The result has been spiralling electricity prices, over a billion dollars in subsidies paid to the state-owned energy generator, and a holding-back of investment in new clean, affordable energy. Pollution has continued unabated and coal workers have been misled about the viability of their industry. Now, with the truth finally out there, there was a brief hope that we could move on.

But immediately after this statement was made, Energy Minister Bill Johnston was back to the old message about coal. On a visit to Collie the following day, Johnston reportedly assured the community that despite the closure of Muja C, the coal industry had a strong future and would remain for at least another 20 years.
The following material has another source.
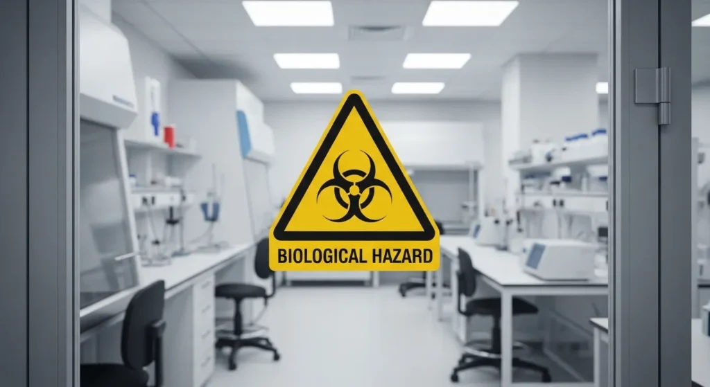 An electrical hazard sign warns near high voltage equipment. Laboratories display a chemical hazard symbol clearly. Hospitals may show a biological hazard notice prominently. Industrial areas post a radiation hazard warning sign. Fuel storage displays warnings for flammable materials risks.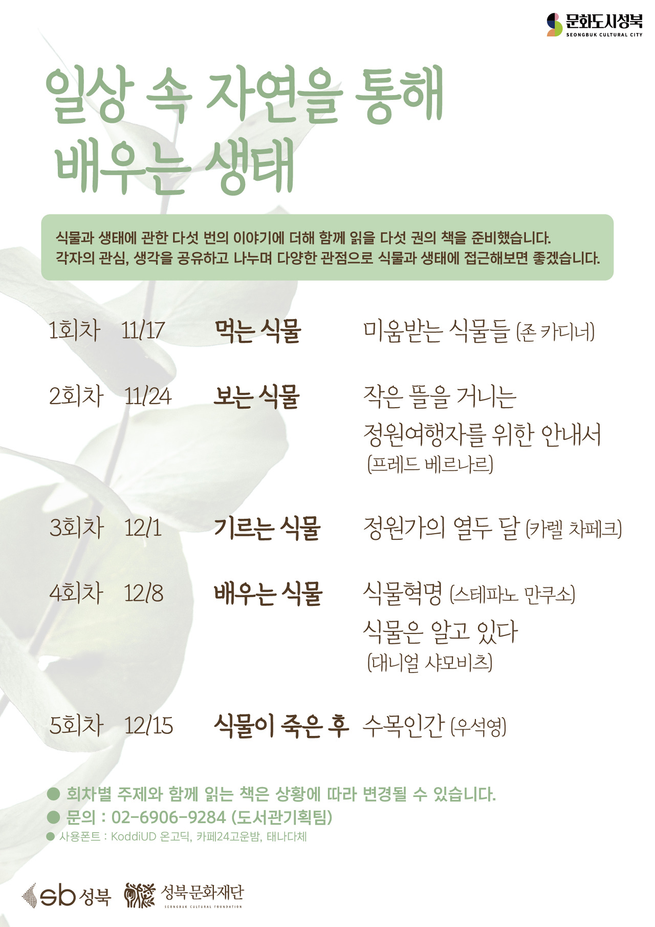 식물과 생태에 관한 다섯 번의 이야기를 나눕니다.

There is no analysis, modelling, or business plan to support these projections, just like there was none to support the failed refurbishment of Collie AB by the Barnett Government. Instead, they reflect a political judgement that electorate of Collie and its working families can’t handle the truth about their own industry.

Maintaining the illusion that coal burning can continue for another generation may be popular, but is doing more harm than good for the town, and demonstrates a surprising lack confidence in the very people who have kept our lights on for longer than most can remember.
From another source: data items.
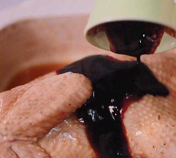 第3步、將雞從水中取出,用廚房餐巾紙擦掉雞表皮的水分,然後倒入調制的入味醃料,全身塗抹均勻,然後再加點蠔油、老抽,塗抹均勻,蓋上蓋子醃制四個小時。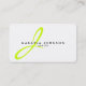 Modern and Elegant personalised light grey Monogram professional business cards. Black and Lime Green on plain white background. elpmonogram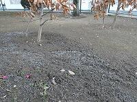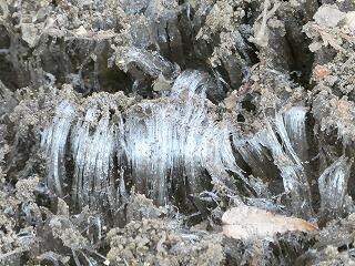 登校してきた子どもたちが、今シーズン初めての霜柱を、あちこちで見つけていました。
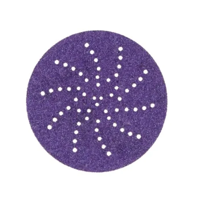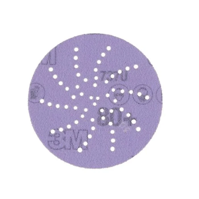 Get a superior cut and durability during key stages of automotive repair with 3M™ Cubitron™ II Hookit™ Purple+ Multihole Abrasive Disc 737U. Our triangular shaped grain and multi-hole pattern abrasive disc is ideal for paint removal, rough body filler shaping, fine feather-edging and final prep before blending or priming.Shape rough body filler, remove paint and create fine feather-edging with 3M™ Cubitron™ II Hookit™ Purple+ Multihole Abrasive Disc 737U. Our triangular shaped grain and multi-hole pattern abrasive disc can also be used for the final prep before blending or priming. It gives a superior cut, 30% faster than other premium abrasives, and long disc life during key stages in auto body repair. The surface of the abrasive disc has our Precision-Shaped Grain technology. It’s made from sharp triangular shaped electrostatically oriented grains. Each grain works as an individual cutting tool to slice through paint and body filler. The multi-hole pattern on our abrasive disc offers excellent dust extraction increasing cut rate and disc life. The back of the abrasive disc has our Hookit™ technology. A hook-and-loop system for work spaces where adhesive backed discs may become spoiled by dust, dirt, or flying debris. Hookit™ sanding discs attach to a hook‐and‐loop backup disc pad (sold separately) on a random orbital sander, can be removed cleanly and easily, and can be re‐used again and again for the extent of the abrasive life.

The idea that coal fired power stations could continue to operate into the 2040s defies both economics and physics. But the political logic that this truth cannot be spoken has prevented the formation of a coherent plan for our electricity network and a realistic transition strategy for coal workers, and has resulted in WA being the only state with no renewable energy target. Such is the collateral damage of coal politics.

No official energy modelling has ever been released by the WA Government, because the reality cannot be reconciled with the false hope that forms the basis of coal policy in Collie. In 2016, University of Western Australia energy expert Bill Grace released data showing that by 2025 increasing uptake of solar panels in WA will see electricity demand fall to zero during daylight hours. Others have said this point will be reached even sooner. That spells the death of coal generation because coal units cannot be switched on and off on a daily cycle. They are designed to chug away producing 24/7 ‘baseload’ power. In other words they are purpose-built for a job that is rapidly becoming redundant.

Continuing to operate coal generators in the 2040s also defies the pollution cuts needed to comply with the Paris climate agreement and pre-empts the government’s much anticipated climate policy. If Western Australia is to play a fair and equitable role in the global task of preventing catastrophic climate change, we need to be planning for the closure of all coal generation now.

The good news is that the transition away from coal has the potential to deliver a stronger future for our South West, with more jobs and better careers than the coal industry provides. At the centre of WA’s electricity grid, Collie is ideally situated to benefit from large scale wind and solar installations matched with batteries and other storage solutions. But to start delivering these exciting projects, investors need to know there is a plan to retire redundant coal generators quickly to make room for new generation. Empty promises that these coal burners will somehow be kept going for over two decades is holding back a tide of investment in cheaper, cleaner, and more reliable alternatives right now.

For the sake of coal workers, energy consumers, and our climate, it’s time to tell the truth about coal and stick to it.